I have updated OH-pages 48-50 in Lecture notes (new Valgrind runs and a new comment on PAPI).
  Thu Handed out a quick ref quide (PostScript) for the BLAS and talked about it some time. Profiling, gprof, gcov. Valgrind. PAPI. Calling a Lapack-routine from Fortran. Calling a Lapack-routine from C.
OH-pages 55-58, then back to Valgrind, 47-52, 59-65.
Page 47, change lines 2-3 to http://valgrind.org .
Page 56, delete the second half of the second line.
4 Tue Mex-files and libraries. OH-pages 66-84.
  Thu Intro. to parallel computing. OH-pages 85-104.
5 Tue Deadlock and other communication issues. POSIX-threads, intro. to PVM and MPI. OH-pages 105-122.
  Thu More MPI. OH-pages 123-139. Answer to a question: No, a process cannot belong to two communicators in MPI_Comm_split (MPI hangs if you try :-).
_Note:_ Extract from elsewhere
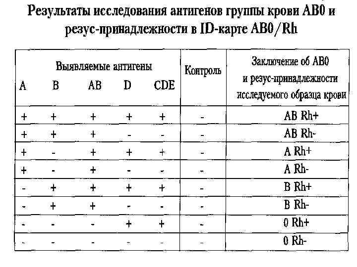Определение группы крови стандартными изогемагглютинирующими сыворотками (прямой метод) Группа крови 0αβ(I) Aβ (II) 0 (I) - - - + А (II) + - + + B (III) + + - + AB (IV) + + + - Bα (III) AB 0 (IV) Знаком (+) обозначено наличие агглютинации, знаком (-) ее отсутствие.

Could not find anything written about it.

wrap was OK (I was a bit tired though :-). On page 138, the second parameter is out of bounds, but it is OK, since the second element of wrap is 1.

page 136, floor(rank / 5) can be written rank / 5 due to integer division (so floor is not necessary).

Monday: the labs are graded, look outside my office. I will bring the labs on Thursday's lecture.
6 Thu OpenMP. Pages 1-28 (in the latest version). Bring your calendar next time. We are going to decide the exam-schedule.
7 Tue More OpenMP. OH-pages 29-59.

Two typos:
page 41: should be double *private_sum
page 55: should be {99, 99, 99, 99}
The exam takes place May 24-May 25.
There is a list outside my office where you can sign up for a time.

Noticed that ps2pdf destroys the PostScript-files somewhat. For that reason I have put the PS-files on this page as well.
  Thu The last part of OpenMP. OH-pages  60-72.
An intro. to GPU-programming using CUDA (see the special handout). OH-pages 1-8 in some detail. Pages 9-15 superficially.
This was the last lecture.
Had the course evaluation today.
8 Tue No lecture, but lab as usual. I have graded lab 2. You find it outside my office in the red plastic box.